Segment Start: Supplied data

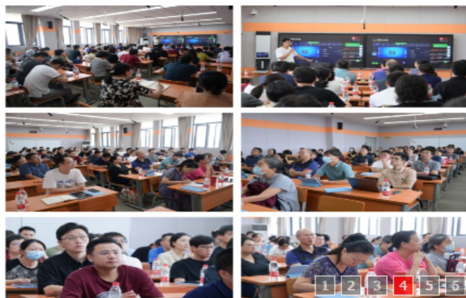
学校组织开展柔性实验室教学培训
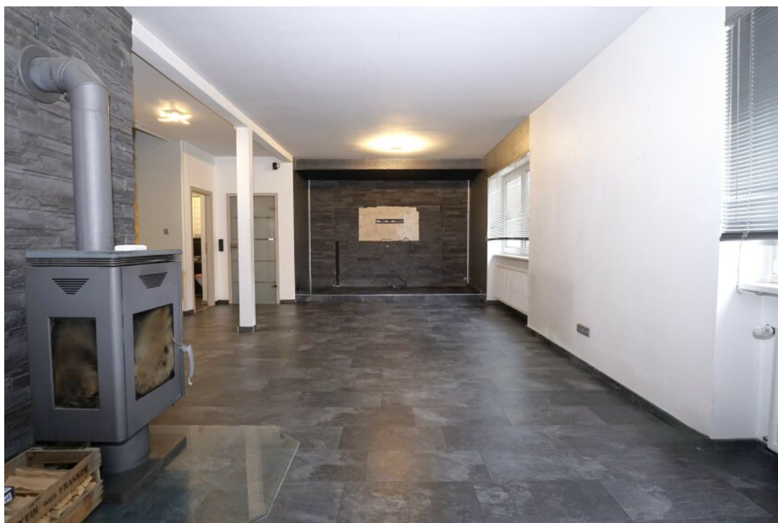
Wohnbereich mit EBK
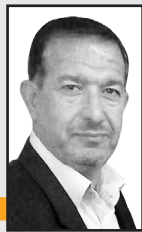
به قلم سید کریم محمدی فعال فرهنگی و اجتماعی
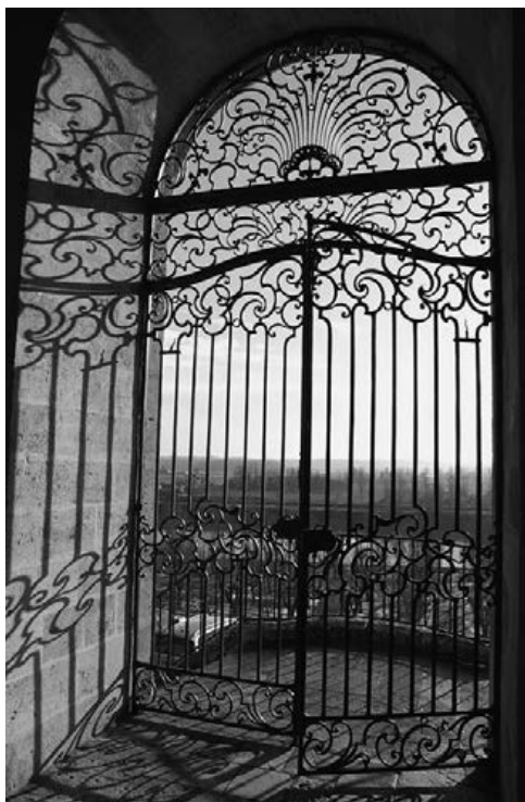
Porte Blaise Charlut in de oude benedictijnenpriorij in La Reole (Aquitanië).

“liefde tot Christus” en het perspectief van het “eeuwig leven” (RB 72,11-12) waarvoor het eigenbelang moet wijken.

Segment End: Supplied data

## Exercise description:
Reprint each of the records exactly and skip the images.

## Answer to the problem:
学校组织开展柔性实验室教学培训
Wohnbereich mit EBK
به قلم سید کریم محمدی فعال فرهنگی و اجتماعی
Porte Blaise Charlut in de oude benedictijnenpriorij in La Reole (Aquitanië).

“liefde tot Christus” en het perspectief van het “eeuwig leven” (RB 72,11-12) waarvoor het eigenbelang moet wijken.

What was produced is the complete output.